> [Problem requirements]: Give the listing again word for word. Leave every image out.

··· Provided data ···

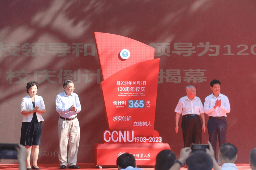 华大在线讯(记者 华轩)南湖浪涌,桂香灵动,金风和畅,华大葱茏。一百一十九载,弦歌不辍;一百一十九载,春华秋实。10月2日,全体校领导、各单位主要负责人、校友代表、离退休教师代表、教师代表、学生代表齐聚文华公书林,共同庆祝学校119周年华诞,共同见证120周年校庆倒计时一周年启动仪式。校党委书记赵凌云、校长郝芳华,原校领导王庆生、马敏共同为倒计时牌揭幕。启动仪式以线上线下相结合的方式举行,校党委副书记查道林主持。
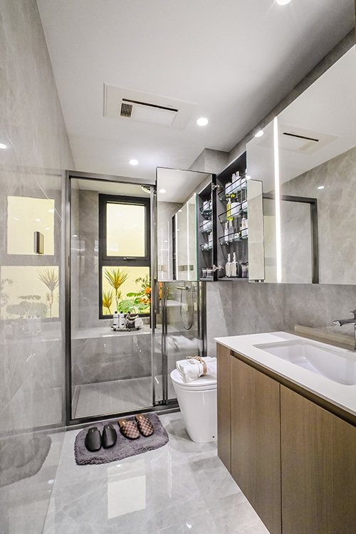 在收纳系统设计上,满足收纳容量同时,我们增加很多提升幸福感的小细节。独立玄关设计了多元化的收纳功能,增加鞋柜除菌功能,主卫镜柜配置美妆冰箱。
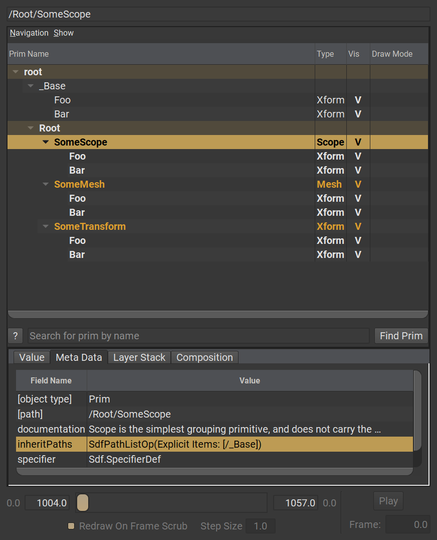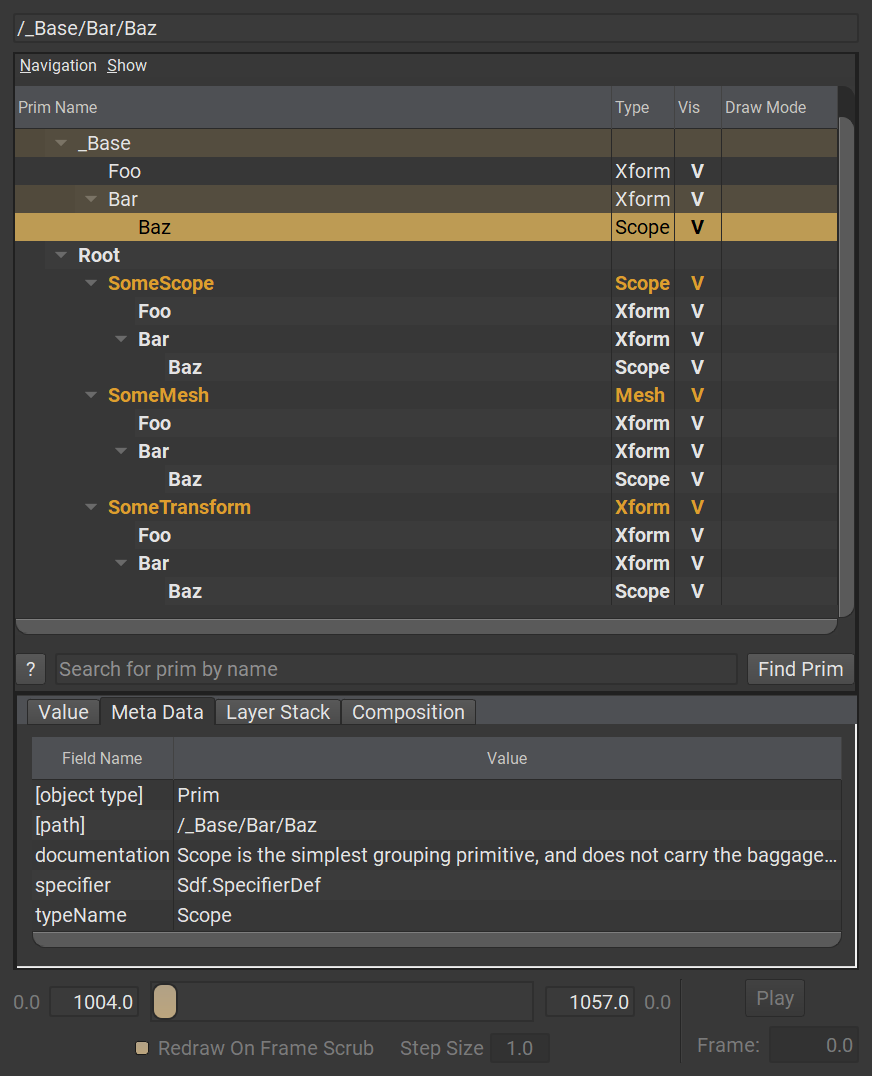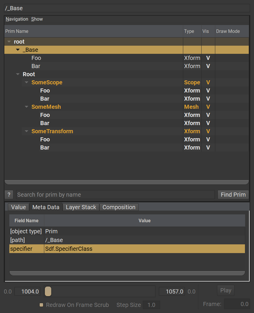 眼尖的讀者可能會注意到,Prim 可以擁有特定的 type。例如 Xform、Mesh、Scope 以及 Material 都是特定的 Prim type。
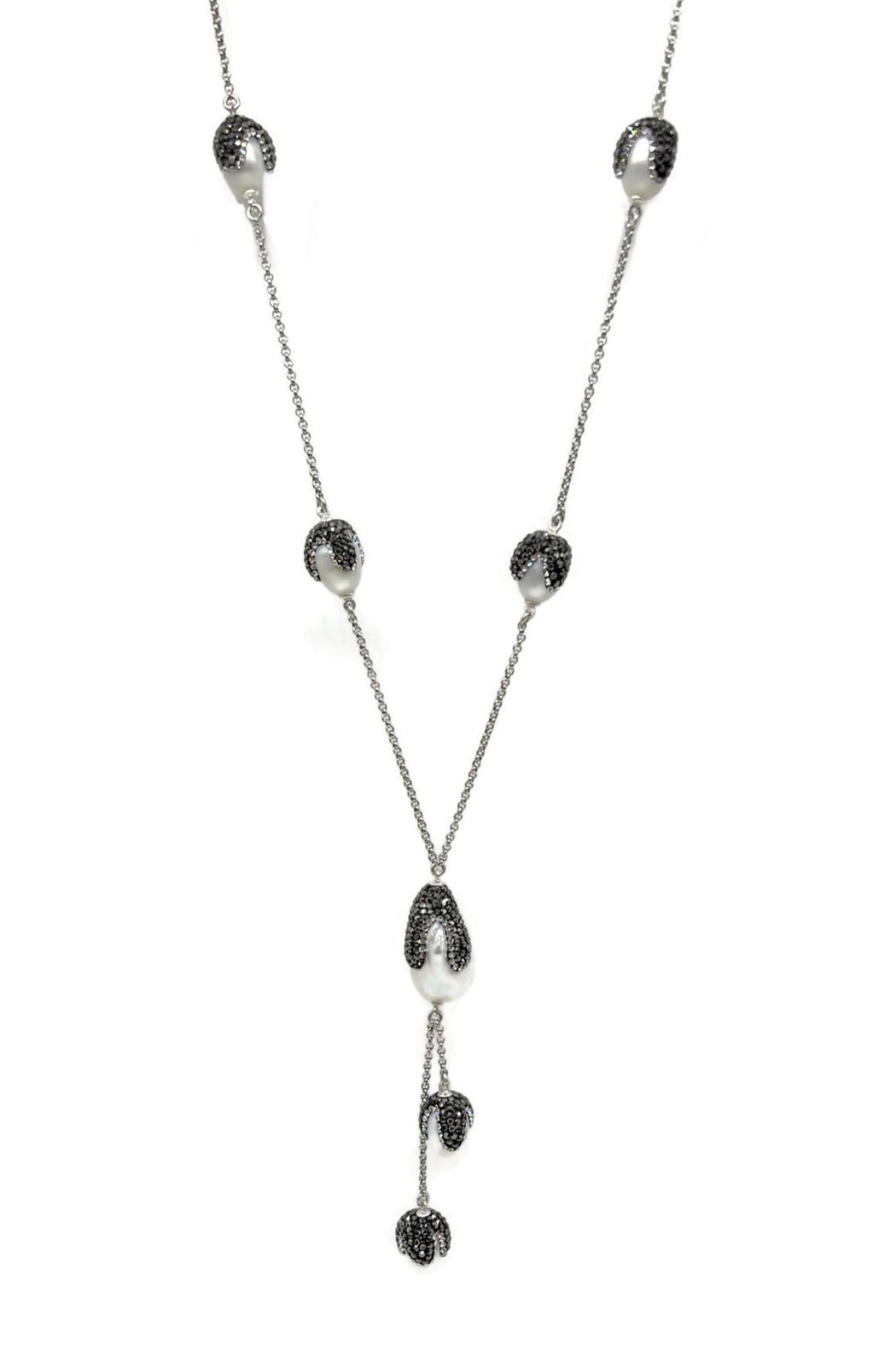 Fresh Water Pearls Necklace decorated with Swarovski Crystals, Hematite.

···

> [Response for this exercise]:
 华大在线讯(记者 华轩)南湖浪涌,桂香灵动,金风和畅,华大葱茏。一百一十九载,弦歌不辍;一百一十九载,春华秋实。10月2日,全体校领导、各单位主要负责人、校友代表、离退休教师代表、教师代表、学生代表齐聚文华公书林,共同庆祝学校119周年华诞,共同见证120周年校庆倒计时一周年启动仪式。校党委书记赵凌云、校长郝芳华,原校领导王庆生、马敏共同为倒计时牌揭幕。启动仪式以线上线下相结合的方式举行,校党委副书记查道林主持。
 在收纳系统设计上,满足收纳容量同时,我们增加很多提升幸福感的小细节。独立玄关设计了多元化的收纳功能,增加鞋柜除菌功能,主卫镜柜配置美妆冰箱。
 眼尖的讀者可能會注意到,Prim 可以擁有特定的 type。例如 Xform、Mesh、Scope 以及 Material 都是特定的 Prim type。
 Fresh Water Pearls Necklace decorated with Swarovski Crystals, Hematite.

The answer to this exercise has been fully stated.